Stadt schreibt sich fairen Handel auf die Fahnen

Eibenstock strebt den Titel Fairtrade-Town an. Damit wäre sie die erste Kommune im Landkreis, die diesen Titel trägt. Aber auch in Lugau ist das Thema noch nicht vom Tisch.

Eibenstock/Lugau.

In Eibenstock gibt es seit vielen Jahren einen Eine-Welt-Laden. In diesem werden bereits Waren aus fairem Handel verkauft. Dieser garantiert höhere Löhne und bessere Arbeitsbedingungen für Produzenten von Kaffee, Kakao oder Textilien. Doch jetzt will die Stadt mehr, sie will eine Fairtrade Town, also eine Stadt des fairen Handels sein. Der Gedanke stammt von Birgit Mädler, die Mitglied im Verein "Eine-Welt-Laden" ist und darüber hinaus als "Eine-Welt-Promotorin" tätig ist. Beim Bürgermeister der Stadt, Uwe Staab (CDU), und der Vorsitzenden des Tourismus- und Gewerbevereins Eibenstock, Silke Dickescheid, ist sie mit dem Vorhaben auf offene Ohren gestoßen.

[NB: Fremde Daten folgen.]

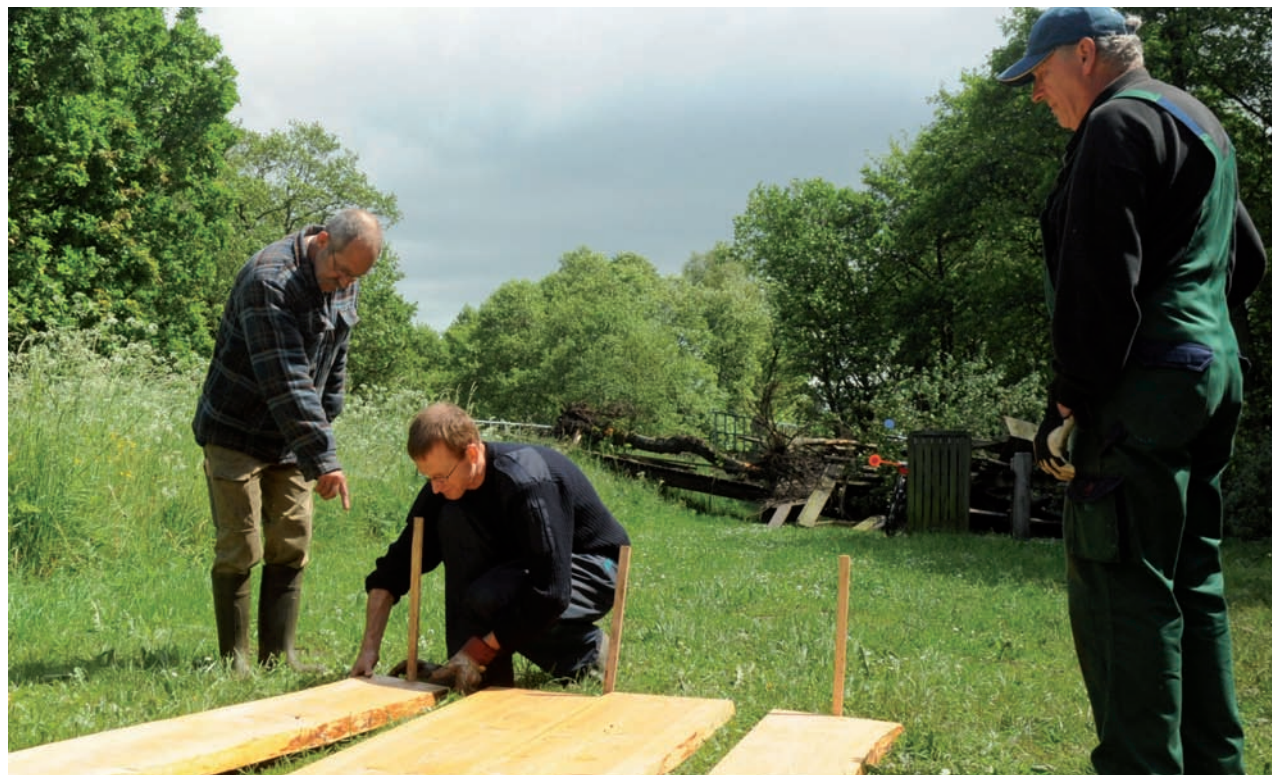
Naturstyrelsens tømrer vejleder de frivillige fra Gl. Rye Borgerforening om opsætning af borde/bænke-sæt.

Ingen kæde er stærkere end det svageste led, så der er gode erfaringer med brug af veletablerede foreninger og blandede erfaringer med foreninger, hvor medlemskommunikationen ikke er solidt forankret i forvejen. Successen står og falder lidt med foreningens egen evne til at kommunikere med medlemmerne samt talsmandens mulighed for at indgå i det frivillige arbejde.

Birgit Mädler weiß, dass in Eibenstock bereits erste Schritte in Richtung gerechteren Welthandels gegangen wurde. "Sowohl die Stadtverwaltung als auch die Kirche beziehen für Geschenke faire Produkte, zum Beispiel Tee", sagt die 58-Jährige. Nun hofft sie, dass sich weitere Akteure in Eibenstock und seinen Ortsteilen finden. Denn Bedingung dafür, den Namen Fairtrade Town tragen zu dürfen, ist es, dass sich mindestens vier Läden und zwei gastronomische Einrichtungen daran beteiligen. Birgit Mädler weiß, dass es bei Penny und Simmel in Eibenstock fair gehandelte Produkte gibt. Weitere Beispiele seien der Eine-Welt-Laden und das Kunsthaus in Eibenstock. Es komme aber auch darauf an, bei den Bürgern der Stadt ein Bewusstsein für den fairen Handel zu entwickeln.

Auch in Lugau war dieses Ansinnen vor einigen Jahren Thema. Seither ist es nach außen allerdings still geworden um den Fairtrade-Titel. "Das Thema ist nicht vom Tisch", sagt Bürgermeister Thomas Weikert (Linke), der das Thema 2016 im Rat thematisiert hatte. Er stehe immer noch mit den Fairtrade-Organisationen im Kontakt und bekomme auch wichtige und gute Tipps. "Außerdem serviere ich für Besucher gern Fairtrade Kaffee und bei kleineren Anschaffungen achten wir auch darauf", erklärt er. "Im Großen würde ich Fairtrade aber schon gerne noch einmal angehen, vielleicht schon in diesem Jahr." Der Stadtrat von Lugau hatte sich 2016 gegen den Kampf um den Titel Fairtrade-Town entschieden, weil er sich nicht ausreichend informiert gefühlt hatte. Darum hatte es im Jahr darauf eine Informationsveranstaltung mit mehreren Referenten zum Thema gegeben. In der Diskussion gab es vor allem ein Gegenargument: Man sollte zunächst heimische Hersteller unterstützen. Dennoch gab es im Rat und auch in der Bevölkerung positive Reaktionen, weshalb Weikert schon damals ankündigte, das Thema nicht gänzlich zu den Akten zu legen.

Weltweit gibt es 2200 Fairtrade-Towns, in Deutschland 700 und in Sachsen fünf: Chemnitz, Dresden, Leipzig, Freiberg und Markranstädt. Im Erzgebirge wäre Eibenstock also Vorreiter.